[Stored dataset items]
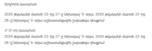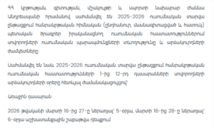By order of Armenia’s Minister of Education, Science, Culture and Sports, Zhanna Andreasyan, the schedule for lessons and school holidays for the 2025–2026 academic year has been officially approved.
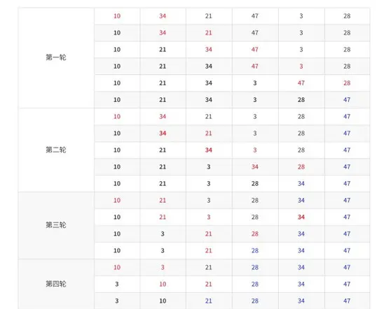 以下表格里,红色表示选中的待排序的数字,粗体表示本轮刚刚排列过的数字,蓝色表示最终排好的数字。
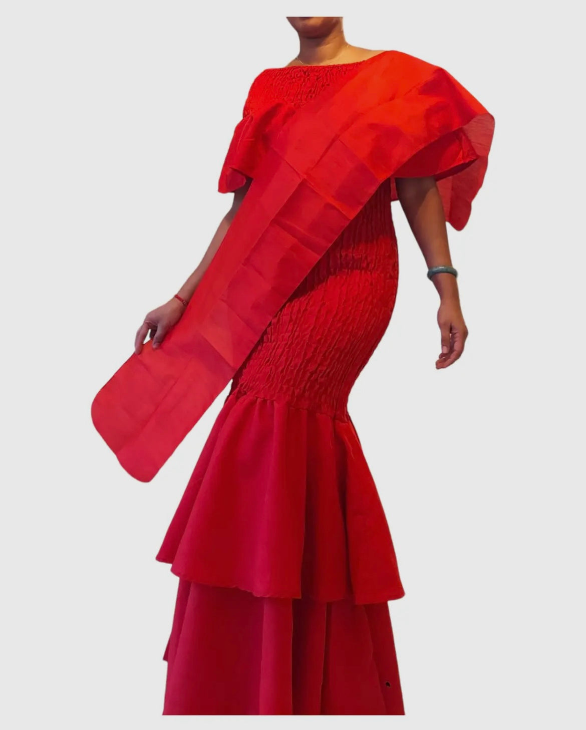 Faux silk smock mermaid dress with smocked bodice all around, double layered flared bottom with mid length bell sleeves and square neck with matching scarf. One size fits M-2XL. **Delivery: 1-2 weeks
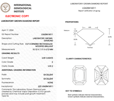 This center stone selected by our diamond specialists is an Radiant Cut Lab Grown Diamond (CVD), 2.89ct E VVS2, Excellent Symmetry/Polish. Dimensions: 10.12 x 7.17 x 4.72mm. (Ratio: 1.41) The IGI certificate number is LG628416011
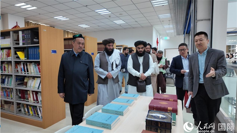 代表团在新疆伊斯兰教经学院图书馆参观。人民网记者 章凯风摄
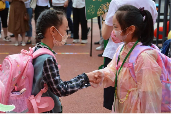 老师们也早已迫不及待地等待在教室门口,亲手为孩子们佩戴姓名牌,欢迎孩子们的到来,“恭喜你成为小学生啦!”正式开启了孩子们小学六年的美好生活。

• _Task to complete_: Please copy exactly the lines from the one containing "This center stone" through the last line of the records above, both included, and leave out any pictures.

• _Task solution_:
 This center stone selected by our diamond specialists is an Radiant Cut Lab Grown Diamond (CVD), 2.89ct E VVS2, Excellent Symmetry/Polish. Dimensions: 10.12 x 7.17 x 4.72mm. (Ratio: 1.41) The IGI certificate number is LG628416011
 代表团在新疆伊斯兰教经学院图书馆参观。人民网记者 章凯风摄
 老师们也早已迫不及待地等待在教室门口,亲手为孩子们佩戴姓名牌,欢迎孩子们的到来,“恭喜你成为小学生啦!”正式开启了孩子们小学六年的美好生活。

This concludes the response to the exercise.